Epoxy is a copolymer that is typically activated from 2 parts that are mixed. The 2 parts are a resin and an activator or hardener.  Most often, reaction is from the mixing of the chemicals epichlorohydrin and bisphenol-A, which when mixed create a covalent bond which creates a strongly cross linked polymer. The result is a rock hard finish that resists water and even many chemicals.

The curing/drying time can be minutes to hours and 2 coats are recommended. Epoxy must not be applied within the first 30 days of new concrete curing time.If anyone has seen epoxy that is peeling up in a garage this is usually not the epoxy’s fault, but the person who applied it due to improper prep job.

Sometimes a concrete floor may appear suitable and clean, but one must first do a water test.

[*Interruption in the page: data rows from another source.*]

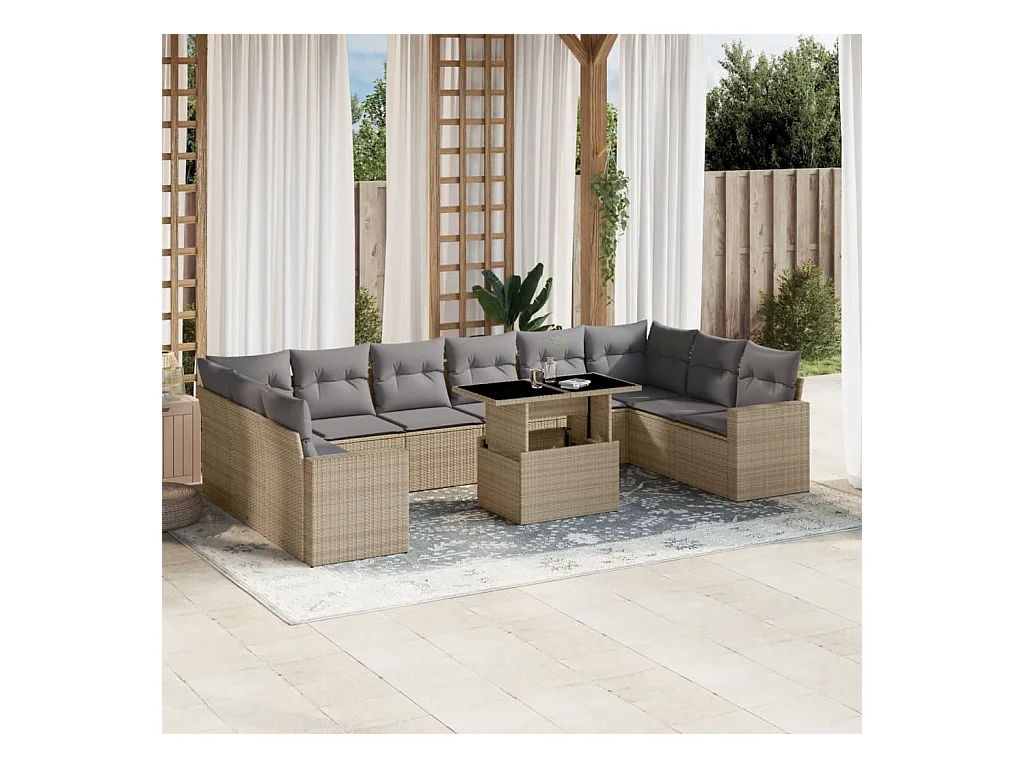 Set de sofás de jardín 11pzas con cojines ratán sintético beige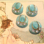 Antique Vintage Frosted Glass Button W/rhinestones Gold Luster 5 Sets, Lot 29 Pc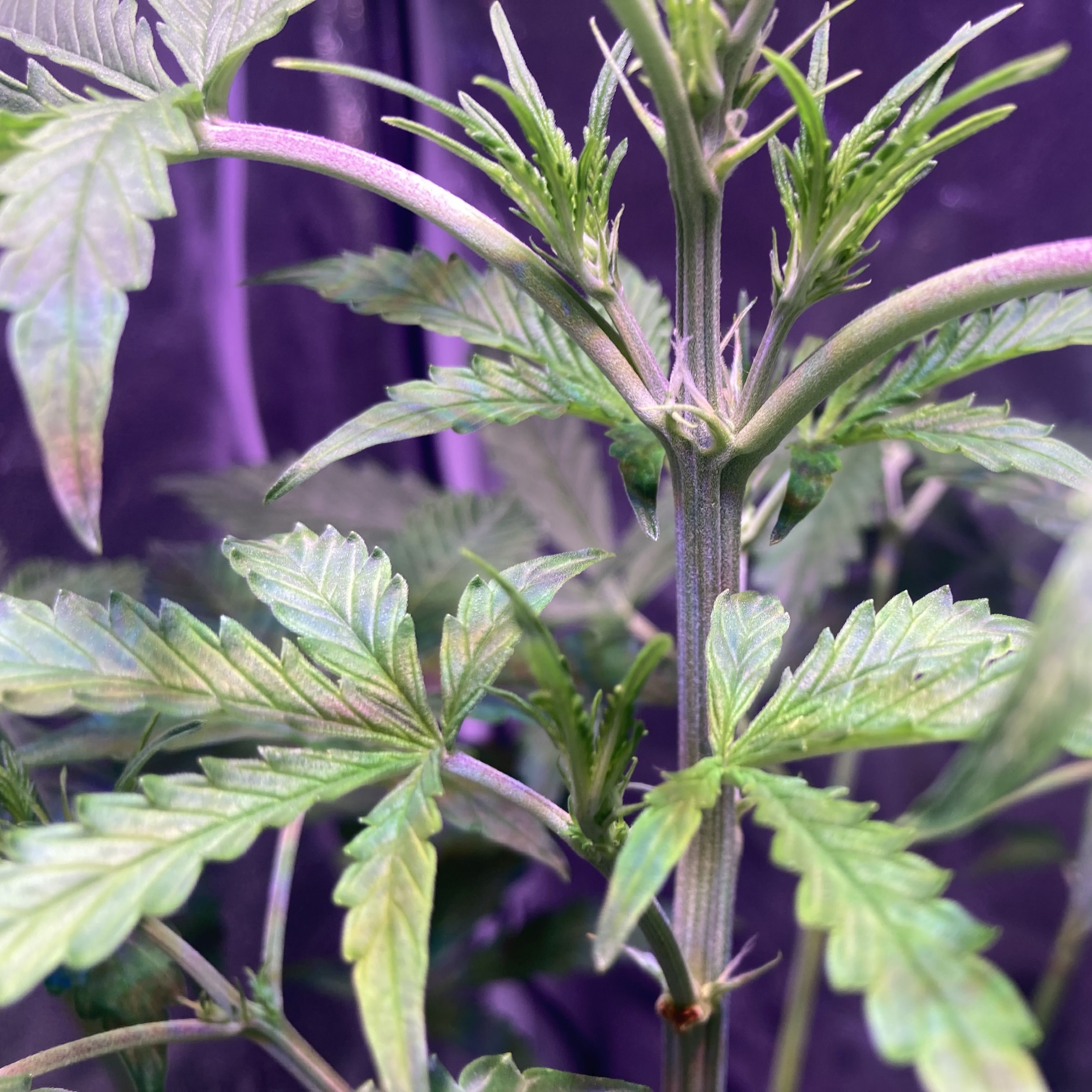 Убираю нижние этажи от боковых побегов: так стебли будут толще и обрастут массивной шишкой. Удаляю веера, закрывающие свет верхушкам. В боксе слышится лёгкий травянистый дух.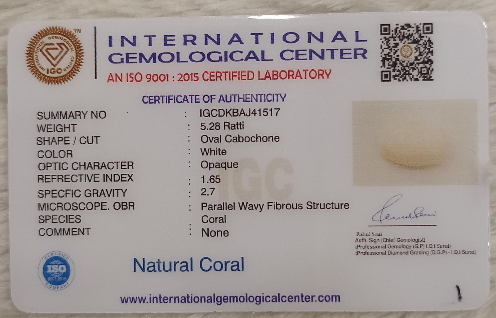 The 5.28 Ratti Natural White Coral offers an array of benefits, making it a highly versatile gemstone. From improving physical health to fostering emotional balance, the positive effects of this gemstone can bring lasting changes to the wearer’s life.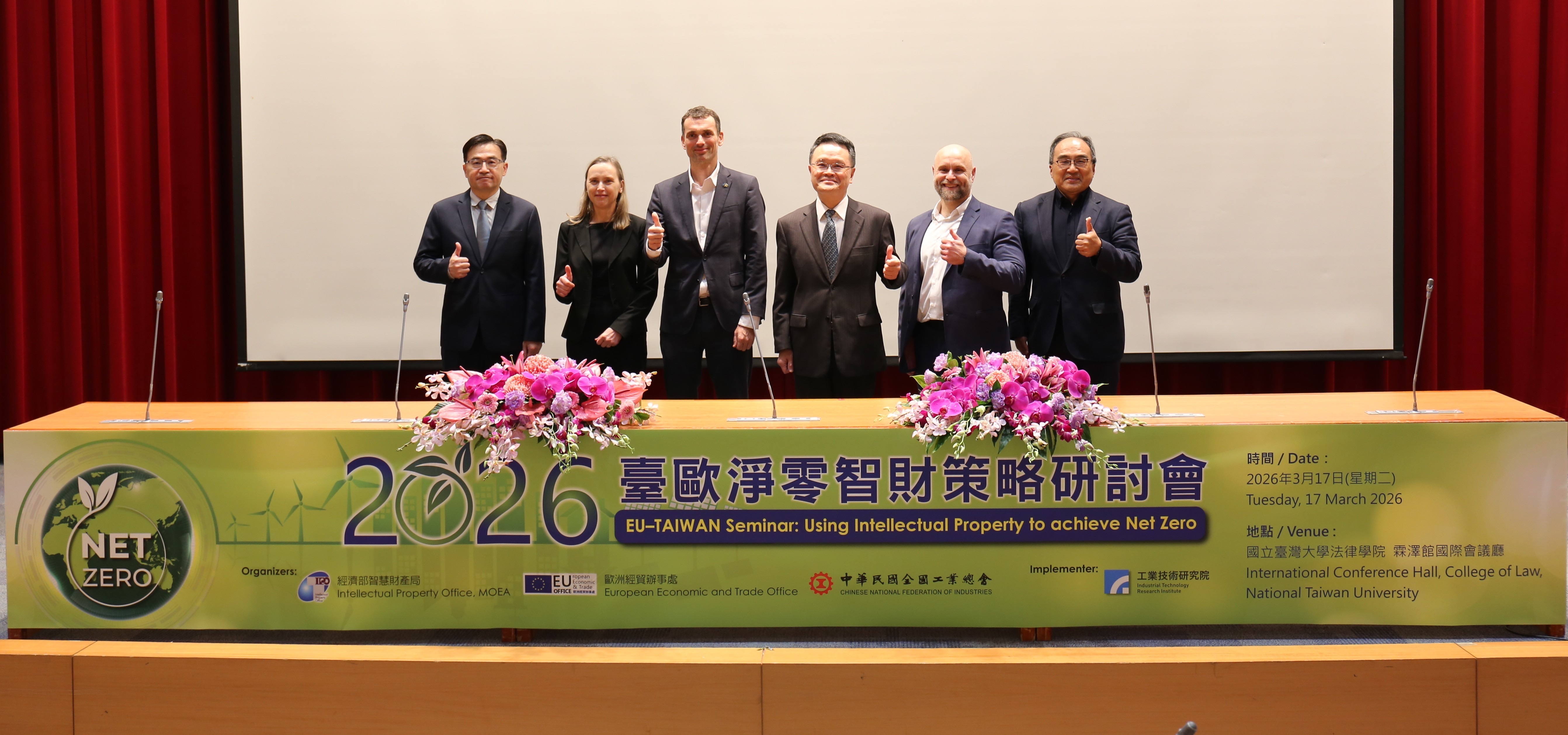「2026臺歐淨零智財策略研討會」於3月17日(星期二) 下午在臺灣大學法律學院霖澤館舉行,由經濟部智慧財產局廖承威局長、歐洲經貿辦事處邵恩博組長擔任致詞貴賓。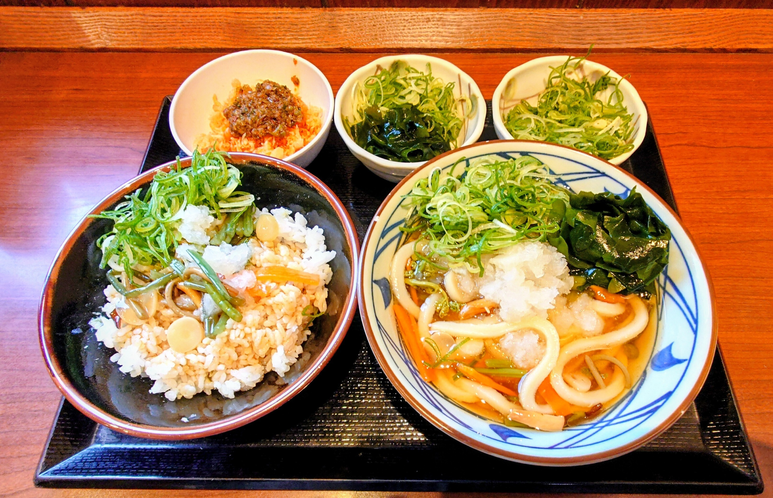その後出汁醤油を入れかき混ぜて山菜うどんの山菜を移動、🐢ネギ、おろしをトッピングしました😙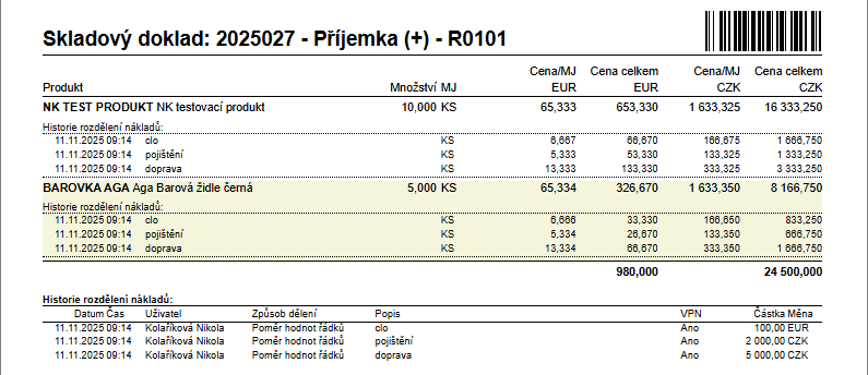 Rozpuštění vedlejších pořizovacích nákladů do příjemky je nyní přehlednější. Nově se ukládají detailní informace o rozpočítaných částkách až na úroveň jednotlivých řádků. Díky tomu máte vždy jasný přehled, jak se vedlejší náklady promítly do hodnoty konkrétních položek.Přibyla také možnost zrušit rozpočítání nákladů, pokud potřebujete provést úpravu (doposud bylo nutné zadat náklad znovu s mínusem). Detailní přehled rozpočítaných částek je nyní dostupný v reportu skladového dokladu a v příští verzi bude viditelný i přímo v detailu dokladu.

This is done by dripping water on the surface. Unsealed concrete will absorb the water like a sponge, but if water beads up, there is an invisible sealer on it and epoxy will not stick to this. The floor must be stripped of all sealer by chemicals or grinding off.

If there is grease or oil on the surface, it will act as a sealer and must be also stripped off with a degreaser.Lastly, the surface must be just a little rough for the epoxy to adhere. This is done with a muriatic acid solution or etching with a floor grinder. Also all dirt and debris may be power washed off. In short, epoxy must be clean and etched! If these steps are not taken, your hot tires will peel up your floor the first day it hits 110 degrees or less.

Epoxies come in several select colors and are not available typically in any color you may desire. They also range from semi-gloss to high gloss, but are generally very shiny and slick. A slip resistant addititive can be added to any topcoat by mixing fine silica sand in the paint which creates a non-slip surface.

Also decorative chips may be sprinkled in the 2nd coat while still wet to add some texture and interest in the solid color. Chips may be added so heavy that they cover 100% of the surface. When dry, loose chips may be swept off and then knifed down with a floor scraper. A leaf blower is excellent for hard to sweep pieces. At this point a final clear coat is recommended to both seal chips in floor and a showroom finish look.